Unstructured Data: The Most Valuable Resource You Didn’t Know You Had
Jan 8, 2025
Gradient Team
You can only see 10% of an iceberg at any given time as approximately 90% of the average iceberg’s mass is underwater. Similarly, most financial services companies only leverage a small percentage of their available data while the vast majority goes unused. This is because roughly 80-90% of the world’s data is unstructured, according to an estimate from MIT’s Sloan School of Management.
Historically, unstructured data has been nearly impossible for companies to utilize unless it was properly cleaned and formatted to be compatible with modern analytical tools. Not only is this an expensive and time-consuming process but it’s also incredibly difficult to clean large datasets without altering them and damaging their quality.
However, using new artificial intelligence (AI) solutions like Gradient’s Finance Reasoning Platform, it’s now possible for modern finance companies to tap into unstructured data sources to streamline operations, open up new revenue opportunities, and gain unique insights.
This article will take a closer look at why unstructured data is the most valuable resource you didn’t know you had and how Gradient can help you leverage it to your advantage.
The Era of Big Data
Data is one of the most valuable resources that a company can have in today’s economy. Modern corporations harness both internal and external data sources to help improve decision-making, learn more about their customers, gain a competitive advantage in the marketplace, streamline operations, and drive profitability. Experts consider the field of data analytics to be especially important in finance, which is one of the most data-heavy industries in the world.
What sets the financial services industry apart from so many others is the abundance of both internal and external data sources. Finance companies can collect an almost mind-numbing stream of data from their own customers. But, depending on the industry, they can also leverage a number of exterior data sources including:
Market Data: Stock prices, bond yields, commodities, exchange rates, indexes
Macroeconomic Data: GDP, unemployment rates, inflation rates, consumer confidence reports
Central Bank Policies: Inflation rate decisions, FOMC minutes, economic forecasts
Real Estate Data: Property values, rental market trends, zoning laws
Credit and Risk Data: Credit scores, default rates
Consumer Behavior Data: Spending patterns, consumer sentiment reports
Industry-Specific Data: Sector trends, M&As, supply chain data
These are just a few of the external data sources that asset managers, banks, and other financial institutions may be interested in monitoring, in addition to their own internal data flows and customer data. However, there is just one major problem…the overwhelming majority of these datasets are unstructured.

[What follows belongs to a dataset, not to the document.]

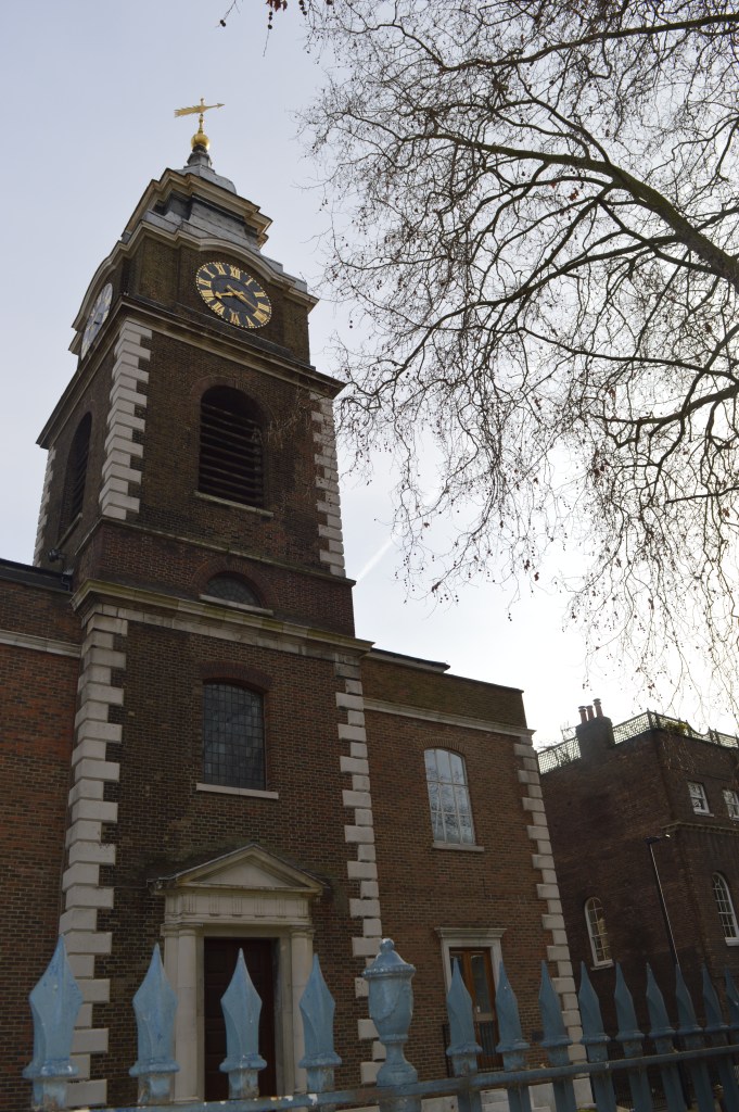 The map above shows the area in the 18th century. The Hermitage buildings have long disappeared, however the place is commemorated in the name Great Hermitage Street. The gardens shown to the east of the street were probably the fruit and vegetable gardens adjoining the hermitage. In the south east corner is the church and grounds of St John’s Wapping. St John’s Church was originally built as a chapel-of-ease, a church that is used to supplement the congregation of the parish church, in this case in the bordering neighbourhood of Whitechapel in 1617. St John’s became the parish church when Wapping was constituted as a separate parish in 1694. This makes it the oldest church in Wapping. The present remains date to around 1756, when the church was rebuilt by Joel Johnson, who had trained as a carpenter. The church was badly damaged in the Second World War, leaving only a rectangular shell. The tower was restored in 1964 by the London County Council and the remainder converted into flats in the 1990s.

What is Unstructured Data?
Unstructured data is any form of data that is not recorded in a uniform format using traditional methods.
For example, a bank likely keeps detailed records of transactions, customer demographics, and financial metrics. All of these datasets would be considered “structured” because they have a predefined schema, are uniformly organized, and are recorded properly. But, the bank also has access to large datasets that are not uniformly organized such as financial reports, client communications, regulatory filings, social media posts, or any institutional knowledge that is passed down over the years. All of these datasets would be considered “unstructured” because they lack a predefined schema and uniformity.
Unstructured data can come in any form including text, imaging, audio, and sensor data. Some of the most common forms of unstructured data in the asset management, banking, and insurance industries include:
Financial Reports
Client Communications
Regulatory Filings
Research Reports
Social Media
Emails
Customer Feedback
These types of data make up an overwhelming 80-90% of the world’s data according to MIT. Due to its prevalence, unstructured data also represents a massive opportunity for companies – which is why we say that unstructured data is the most valuable resource you didn’t know you had. Experts at MIT expressed that:
“Data locked away in text, audio, social media, and other unstructured sources can be a competitive advantage for firms that figure out how to use it.”
Let’s examine the potential of unstructured data in a bit more detail.
The Potential of Unstructured Data
Unstructured data holds insights into how companies can better please their customers, streamline operations, improve productivity, boost profitability, and much more. Here are a few common examples of how unstructured data can be leveraged:
Removing Bottlenecks in Your Data Extraction Process: By using AI-powered tools like Gradient’s Finance Reasoning Platform, companies no longer need to allocate resources and manpower toward the time-intensive process of untangling unstructured data to extract value. With Gradient, you can take structured or unstructured data and apply reasoning to it to unlock value - enabling higher-quality insights, quicker turnaround times, and the ability for your team to focus on more strategic, higher-level tasks.
Uncovering Customer Insights: Unstructured data sources like PDFs, customer support, public reviews, and social media posts hold a treasure trove of information about how your customers feel. If you can monitor and identify repetitive comments or complaints then you can change your company policies to try and eliminate those complaints altogether.
Improving Investment Performance: Time is money in the financial world and the companies that can leverage public information most efficiently put themselves in a position to outperform their competitors.
Offering Targeted Products: Unstructured customer data sources can help reveal more information about their lives and fuel predictive models to anticipate products that might be most relevant.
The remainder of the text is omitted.